Written by Captain Mary on Tuesday, July 22, 2008

While on vacation in Tanzania, East Africa I stayed at one of the most fascinating locations in the world. The Ngornogoro Crater, a fish bowl of wildlife, its hard to imagine the diversity and amount of wildlife that inhabit this once live volcano. We stayed high above the crater in a Lodge built on the rim of the extinct volcano. The lodge was beautiful, surrounded by the rain forest roads, only a four wheel drive vehicle can get you there. The evenings were spent gazing into the sky at the stars of the southern hemisphere, were I met this wonderful lady named Chaad, a.k.a Star Gazer, she resides in England and was also on vacation. She taught me things about the stars I never knew. What I did know was the stars were so close we could touch them.

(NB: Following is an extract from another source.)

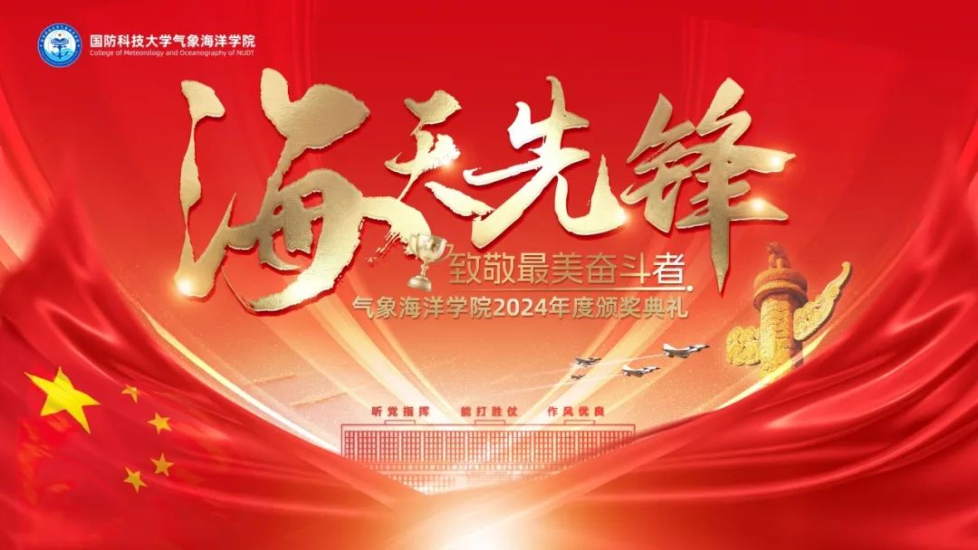 近日,国防科技大学气象海洋学院在长沙校区三号院音乐厅举行2024年度“海天先锋——致敬最美奋斗者”颁奖典礼。

The visits below in the crater were amazing, I have so many stories to tell there, this story though was one that occurred at the Lodge. Our safari guide would have us ready in the morning early for our trek down to the crater floor, the drive took some time. The air was cold and we definitely looked forward to the warmth below. We rose up to the sun shining through our window, time for the morning rituals, you know go potty and brush your teeth and to our surprise there was no water, not a drip. I heard sounds in the hallway and as I emerged from my room there appeared to be a parade of people heading toward the front desk of the lodge. Well, I was feeling kind of yukky and was very curious on what had happened so I continued to the front desk. Outside I noticed a very large elephant and a big hole in the ground, I didn't think I needed further explanation. I did find one important fact, elephants can climb mountains, what this big guy did was find the main water line to the lodge, he opened it up for his morning bath, feeling cool and refreshed he ventured on his way. In the mean time we were without our baths and you can bet most of us had bad breath. We got our bottled water and did a quick freshen up and were on our way towards the Ngornogoro Crater floor. The people who work and live here didn't seem to be bothered by this inconvenience at all, they were quite accustomed to this type of event. We were told that the forest belongs to the animals here and if they cause us a bit of inconvenience it is just the way it has to be. A little bit of a surprise for us, but there was one big beautiful and very clean elephant that we sacrificed a little water for. After all it did belong to the animals.